Katharina Metz
Alumna
14195 Berlin
The Language of Altruism in Late Nineteenth-Century America
Dissertation in Kultur
Mentoring Team:
First supervisor: Prof. Winfried Fluck
Second supervisor: Prof. Ulla Haselstein
Third supervisor: Prof. Sabine Schülting
My dissertation explores the various and competing meanings of the neologism “altruism” in late-nineteenth-century reformist social thought and literature in the United States. From its inception, altruism was understood as a scientific concept, due to its coinage within Auguste Comte’s positivism and the term’s dissemination in the English language via contemporary evolutionary theory. With an approach informed by the history of science and conceptual history, I focus on altruism’s capacity to reformulate other existing terms and concepts concerned with moral imaginations of the human good, such as the Christian notion of charity, the sentimentalist concept of sympathy, and the socioeconomic model of philanthropy. Embedded in a transdisciplinary field, the concept of altruism exhibits semantic flexibility and is therefore productive for a number of reformist and social projects, for example in discourses on and about woman reform, in popular sociological and evolutionary studies, in socialist and anarchist political thought, and in literary imaginations.
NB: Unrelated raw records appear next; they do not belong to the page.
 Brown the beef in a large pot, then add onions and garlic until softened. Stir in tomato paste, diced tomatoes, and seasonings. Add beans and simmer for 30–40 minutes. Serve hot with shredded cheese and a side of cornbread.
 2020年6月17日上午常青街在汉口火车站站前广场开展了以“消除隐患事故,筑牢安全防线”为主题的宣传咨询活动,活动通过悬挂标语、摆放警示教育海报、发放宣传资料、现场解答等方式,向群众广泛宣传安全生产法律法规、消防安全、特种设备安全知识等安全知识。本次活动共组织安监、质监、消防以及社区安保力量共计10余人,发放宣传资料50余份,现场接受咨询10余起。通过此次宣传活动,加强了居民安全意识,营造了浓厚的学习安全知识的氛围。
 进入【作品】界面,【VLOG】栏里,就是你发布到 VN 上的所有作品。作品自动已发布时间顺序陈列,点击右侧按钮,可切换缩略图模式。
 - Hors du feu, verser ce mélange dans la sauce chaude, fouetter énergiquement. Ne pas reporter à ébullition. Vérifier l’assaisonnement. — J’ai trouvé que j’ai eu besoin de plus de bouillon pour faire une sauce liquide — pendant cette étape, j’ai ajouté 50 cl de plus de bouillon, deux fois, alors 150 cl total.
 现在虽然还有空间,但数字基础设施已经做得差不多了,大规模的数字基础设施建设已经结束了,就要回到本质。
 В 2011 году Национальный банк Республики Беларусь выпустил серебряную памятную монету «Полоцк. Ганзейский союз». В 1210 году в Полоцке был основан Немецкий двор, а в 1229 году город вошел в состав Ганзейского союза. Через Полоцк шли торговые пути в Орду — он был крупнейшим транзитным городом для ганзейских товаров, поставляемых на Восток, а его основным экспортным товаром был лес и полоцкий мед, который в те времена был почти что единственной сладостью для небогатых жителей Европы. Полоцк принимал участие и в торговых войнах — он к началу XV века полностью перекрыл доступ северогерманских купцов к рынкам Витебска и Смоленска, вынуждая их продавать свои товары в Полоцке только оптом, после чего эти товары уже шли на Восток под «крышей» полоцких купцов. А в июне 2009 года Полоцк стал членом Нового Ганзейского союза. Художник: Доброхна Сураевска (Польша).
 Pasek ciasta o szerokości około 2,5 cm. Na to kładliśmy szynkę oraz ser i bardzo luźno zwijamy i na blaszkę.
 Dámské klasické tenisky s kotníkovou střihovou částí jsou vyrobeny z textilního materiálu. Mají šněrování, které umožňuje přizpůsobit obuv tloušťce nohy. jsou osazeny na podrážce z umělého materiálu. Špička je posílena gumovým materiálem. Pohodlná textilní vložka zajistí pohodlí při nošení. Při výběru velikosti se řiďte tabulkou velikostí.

Among other things, I analyze the reception of Comte’s and Herbert Spencer’s work in the United States, as well as four reformist magazines that have, as of yet, received no critical attention.
The second aim of my dissertation is to ask what role the concept of altruism played for a variety of popular literary forms in the late nineteenth century. My analysis centers on the reformist realist novel. I conceive of reformist or social realism as a form that is wedged in-between the discourse of sentimentalism on the one hand, and utopianism on the other, an in-between position that results in a formal problem. I argue that altruism’s conceptual flexibility allows it to negotiate and tentatively solve some of the formal problems that constitute and challenge late nineteenth-century American reformist literature. In my readings, I concentrate on William Dean Howells’s reformist fictions and his utopian novels, on Charlotte Perkins Gilman’s writings, and on other contemporary authors – most of which have been left unexamined by critics until now – who have written on and worked with the concept of altruism.